We all know that Cougars hunt prey, but Prey also hunt Cougars. The thing is, boys, you need to know how to approach a predator safely, and effectively, otherwise you might get hurt. I haven’t been an “official” cougar for very long, but already have had to cull the herd of milling hopefuls, and it is evident that there are some questionable if not downright deficits out there amongst prey. Telling, or commanding, or otherwise instructing a cougar may even get you killed.
Here are a few examples of how not to approach a big cat. This came about because, after deciding to play along with the label, I posted an ad on my local CL in the “women for men” section, looking for fellow cougars to go out hunting with. I thought it might be fun to compare notes, and perhaps trade morsels. For fun, I included a line asking about where to find the most succulent prey. One woman responded. I lost count of how many men.
Most young fleshlings were appropriate enough: they gave their age, a little information such as the fact that they attend our local University, what year, etc. Eager, primed, hopeful–looking with a combination of slight intimidation and lust for something different than an experience with a peer. A cougar can tolerate slight feebleness upon approach if it is caused by fear, or lack of experience, and I am willing to coax my prey out into the open if they catch my attention, and make me salivate. The most important thing to remember is that as a cougar, there is one of me, and many, many prey circling around me. If you want to be noticed, you need to stand out in a good way. If you stand out in a bad way, you’re dead.
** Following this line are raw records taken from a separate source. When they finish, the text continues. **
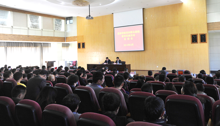 3月4日下午,我校党的群众路线教育实践活动总结会在惟行楼1501报告厅举行。省委第七巡视组副组长高龙,云南师范大学纪委监察室主任盛永红,昆明理工大学宣传部副部长董国军,云南省第一劳动教养管理所副政委、纪委书记苏建海,我校党委领导班子成员,近三年退出党委领导班子的老同志,本校各级党代表、人大代表、政协委员,中层干部(含正副调研员),机关科级以上(含科级)党员干部,学生党支部书记、工会、共青团代表,民主党派主要负责人,师生代表240余人参加了会议。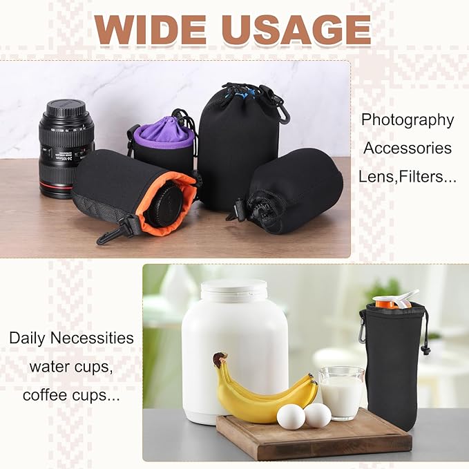3. 用途:ネオプレンレンズポーチバッグは、カメラレンズを偶発的な傷、衝撃、ほこりから保護します。様々なブ ランドのほとんどのレンズに適しており、水カップやコーヒーカップなどの保管にも使用できます。
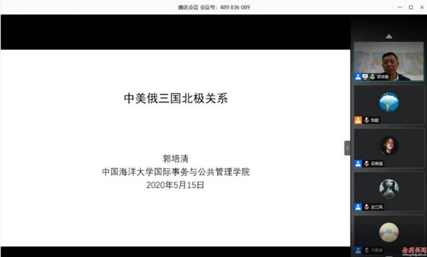 本网讯 人才培养不延迟,学术研究不放松。5月15日,一场以“中美俄三国北极关系”为主题的学术讲座通过“腾讯会议”网络平台开讲,邀请中国海洋大学国际事务公共管理学院、国际民间智库“国际极地与海洋门户”创始人、中俄北极论坛创始人郭培清教授担任主讲人。我校极地问题研究中心、空港经济协同创新研究中心、校科研创新团队、校研究所全体成员,各教学单位中青年骨干教师以及校极地与空港研究会学生等近百人入会学习。我校督学顾也力教授、副校长何艾兵教授出席会议现场。

I’ve had guys send me an email demanding a picture up front. They act as if they are entitled, and won’t talk to me unless I send a pic first. I care? This is the rule, with me, I can’t speak for other cougars. If I find you interesting, or attractive, I will send a pic to entice you further. I will not send a face pic. I am a professional, and I am not into finding myself posted somewhere that is not my choosing. I am attractive. If you don’t like me when we meet, walk away. There are plenty of attractive men who do. If we chat by email, and I want to entice you further, I’ll send another pic. It is up to my desire to do so.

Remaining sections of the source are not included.